The bare limbs of trees expose the Spanish moss and bright green color of brier and resurrection fern that are often concealed by summer foliage.  Some of the yaupon - also called Christmas berry - bear heavy crops of red berries as they await the invasion of migrating robins.  At some point, during the winter our woods will be alive with robins gorging on these yaupon berries which taste so awful to my palate.  Yaupon was named Ilex vomitoria for good reason.  When we once owned a real house, Pat would ask me to cut several branches of berry loaded, yaupon branches to decorate the fireplace mantel during Christmas.  Now that we live among the yaupon, it is more fun to observe them as they live naturally.  Took a small walk into the woods this morning to see the native holly trees -- which also evoked more Christmas spirit.  Adding to the color of the winter woods are bright purple clusters of Spanish mulberry fruit which still adorn the leafless stems.

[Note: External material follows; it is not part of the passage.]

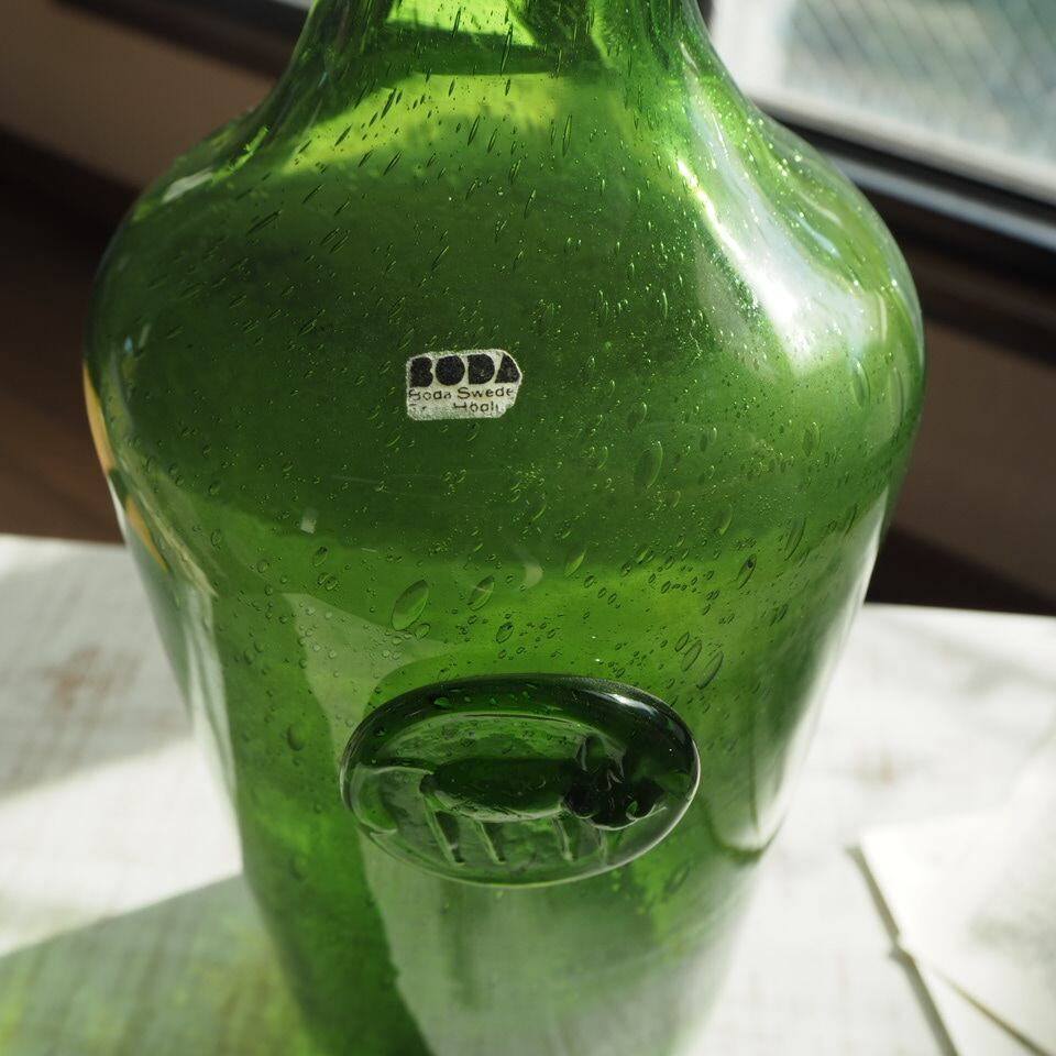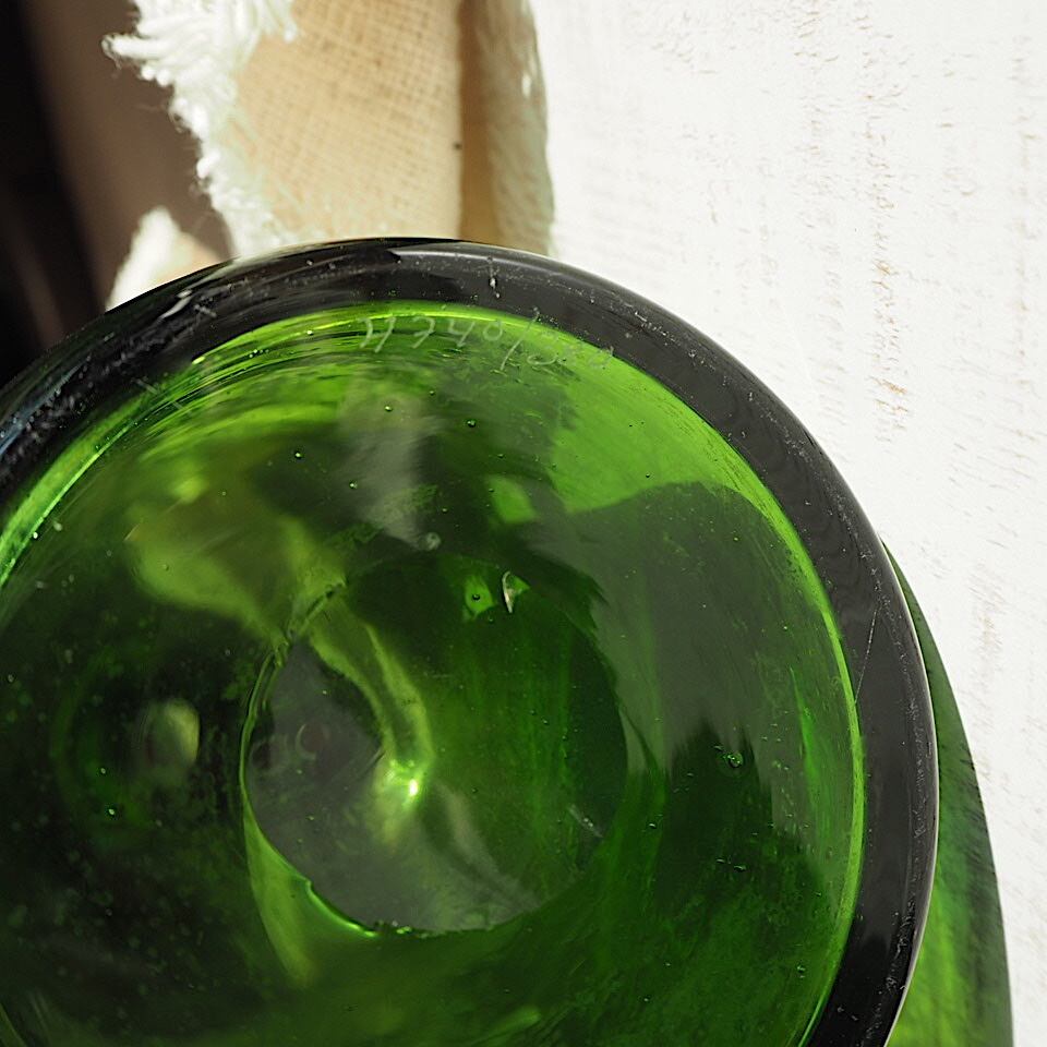 明るい緑色のボトルに猫のワッペンが型押しされた、エリックホグランのちょっぴりレアなヴィンテージガラス。大小様々で躍動感のある気泡が全体にたっぷり含まれています。飾っておくだけでも抜群の存在感がある作品です。

One whitetail buck - that lives in our Wickon creek bottom - and I have a major Christmas disagreement.  I wish to keep the healthy and handsome young rusty blackhaw growing down by the creek.  The buck has other ideas.  In the process of rubbing off the pesky velvet from its antlers, it skinned most of the bark from the young tree.  The tree may live, but it will be forever changed by the encounter.  The evidence is fresh, which means that the rutting season cannot be far away and Christmas is here.  

The pair of Carolina wrens (maybe the same pair that built so many nests in the frame of Serendipity this spring) search for food in a brush pile outside our window.  No, I have not yet seen any moss in their beaks as they prepare to invade us again, but we will be watching! 

Since we left Woodvine in August, the yaupon, Spanish mulberry, and brier vines have grown a couple of feet tall in the driveway.  As we drive over them, they ping against the metal parts under my plastic car.  I will chop off their heads during the next few weeks.

It is good to be home with all our faunal, floral, and human friends to celebrate this time of changing seasons.